This is a true life story of one Awelechukwukaumemma...which means God's Favour is greater than man's struggle.
It all started 32 years ago when she was 7months old, she lost her mom and was left alone with her Dad and step mom,
(hear her as she narrates her story of life with tears of the past memories ,from her own mouth as a true child of destiny whom our God has always favoured for unknown reasons ) . I was left to struggle and survive on my own while growing up, it was all hell. There was no punishment, no amount of beating I did not receive for making innocent childish mistakes like notashing the dishes well, not sweeping the floor well, fetching water on time etc.
My young virgina became very used to bearing the pain of HOT PEPPER cos pepper was always applied to it on regular bases and I will be tied up like an armed robber and abandoned in the bathroom or toilet for as long as my step mom wishes just because I made silly, innocent mistake. I will be starved #omg# on one occasion our neighbours child caught me eating the food our dog remained , he ran to his mom and told her, so from there the woman started hiding out food for me. My sisters and brothers , I suffered dearly from Physical, emotional, mental, psychological Abuse. I grow up hating myself, my circumstances everyone and everything. But I never ever gave up on my struggle to survive it all even as a very little child. She strongly opposed me going to a federal government school even though I passed excellently but Dad didn't listen to her objections. I want to the boarding house and that place became a heaven on earth for me. I hated holidays.

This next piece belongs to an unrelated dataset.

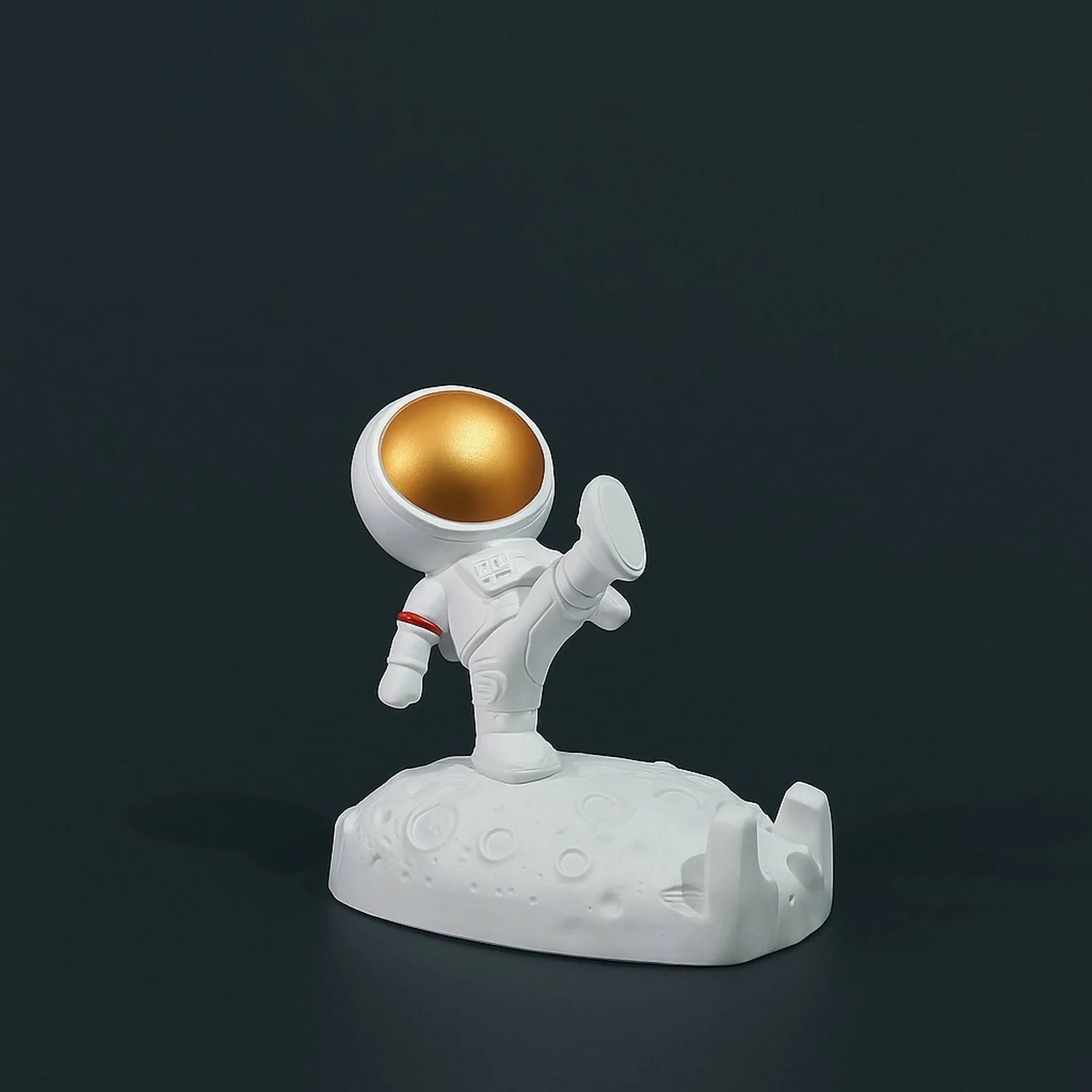 astronaut phone holder, astronaut mobile stand, mobile stand for desk, cute phone holder, resin mobile stand, astronaut decor gift, moon surface phone stand, smartphone holder astronaut, space theme accessories, office desk mobile stand, study table phone holder, creative phone stand gift, gold helmet astronaut stand, decorative mobile holder
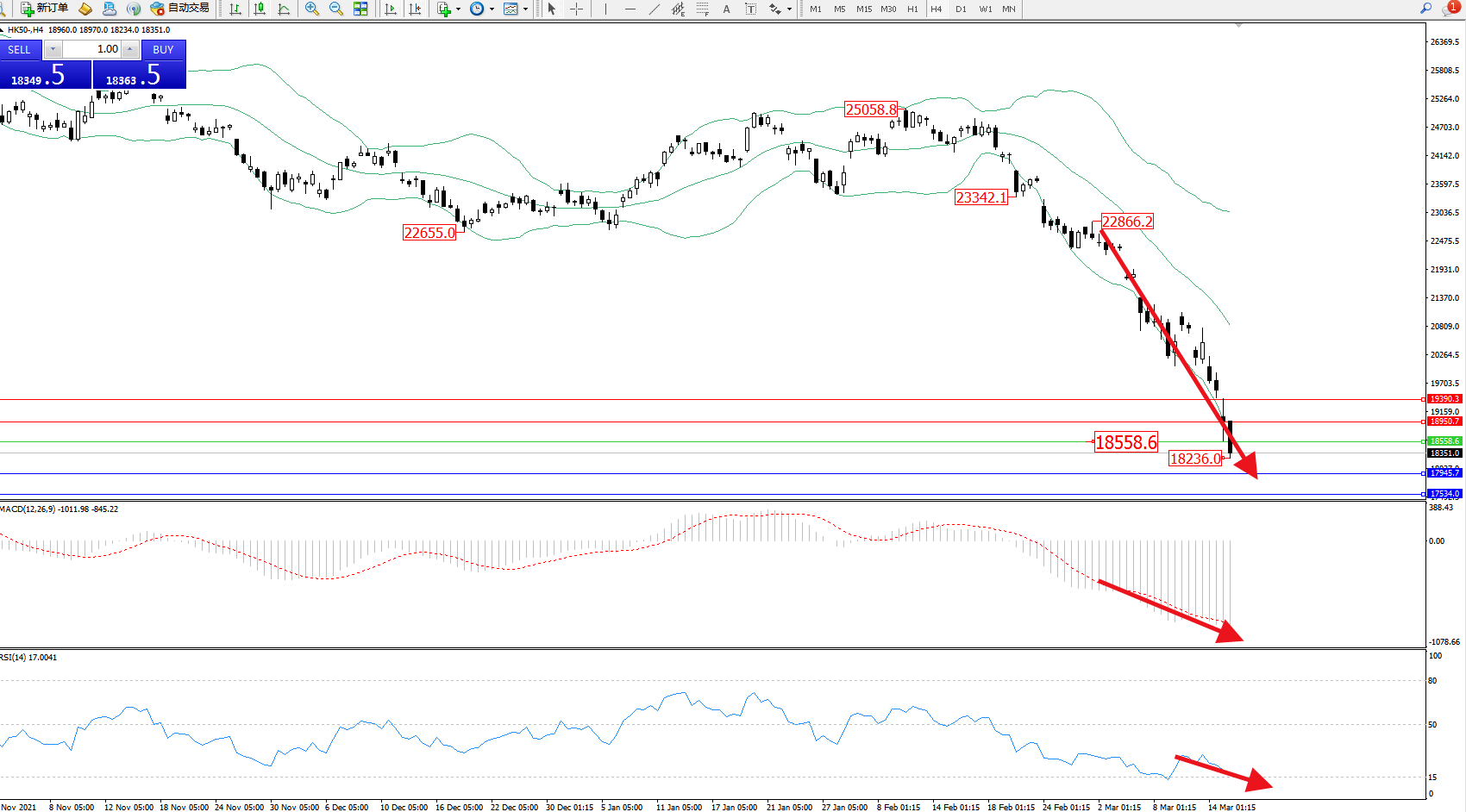 恒指HK50 ——4小时K线图显示:

Immediatly after i finished from secondary school i passed my first jamb and got admmitted to study law but just then she was attacked with stroke. I had to ignore my first admission to study law so as to cater for her as she was staying in one thick village for her traditional treatment and her kids were over pampered and nobody will be able to cook, wash, and bath her. I still remember my Dad's face wen he call me into his room and told me about taking her to the village for her treatment and that the problem now is who will stay with her cos she can't even seat up right and I also just gained admission to the university. Without even thinking twice I gladly said I will go and stay with her until she's well. Dad looked at me very surprised and asked Y? I told him no matter what she has done to me she remains the mother I know and I she has made me the person I am today. He almost broke down in tears. Even while i was looking after her she kept abusing me saying I'm the cause of her situation that she had BP Immediatly she learnt that my Dad got my mom pregnant and it was that BP that has developed to this stroke she's suffering now. #Imaginethat# anyway i never gave up on her i stood by her nurturing her until she could walk again and talk well. When she became well Jamb started Jamming me cos i couldn't pass the law cut off point anymore. That was how i went to study accounting it was in my final year in accounting that i decided to just write another jamb and behold i made it. Meanwhile her marriage with Dad had ended and i was always going to visit her in her fathers house where she was, i will even buy her things she likes with the little money i saved up. Each time i come to see her she cries and cries and cries begging me to forgive her that she she can't stand my kindness. She suffered from stroke again and was rushed to the hospital (then I was in 200level law) I was there with her and she asked for her own daughter who was busy clubbing with friends in lagos. I told her daughter to rush down the next day cos mom may not make it this time. Mom died in my hands as I was feeding her but b4 she died she asked for her daughter again but she absent. Mom had tears in her eyes as she said to me "in life we don't know who will Bury us so the best we can do to be kind to everyone, Awele thank you God bless you" then she gave up the ghost. Her daughter came In 15mins after her mom died. That days experience has not left me till now.
My Dear sisters my Story long abeg....let's call this one Episode 1.
As I'm about to mark my 32nd birthday I look back to where I'm coming from and all I can say is THANK YOU GOD FOR NEVER GIVING UP ON ME. THANK YOU GOD FOR BLESSING ME WITH A WONDERFUL HUSBAND, LOVELY KIDS, LOYAL AND FAITHFUL FRIENDS. I love you all. May God bless you all.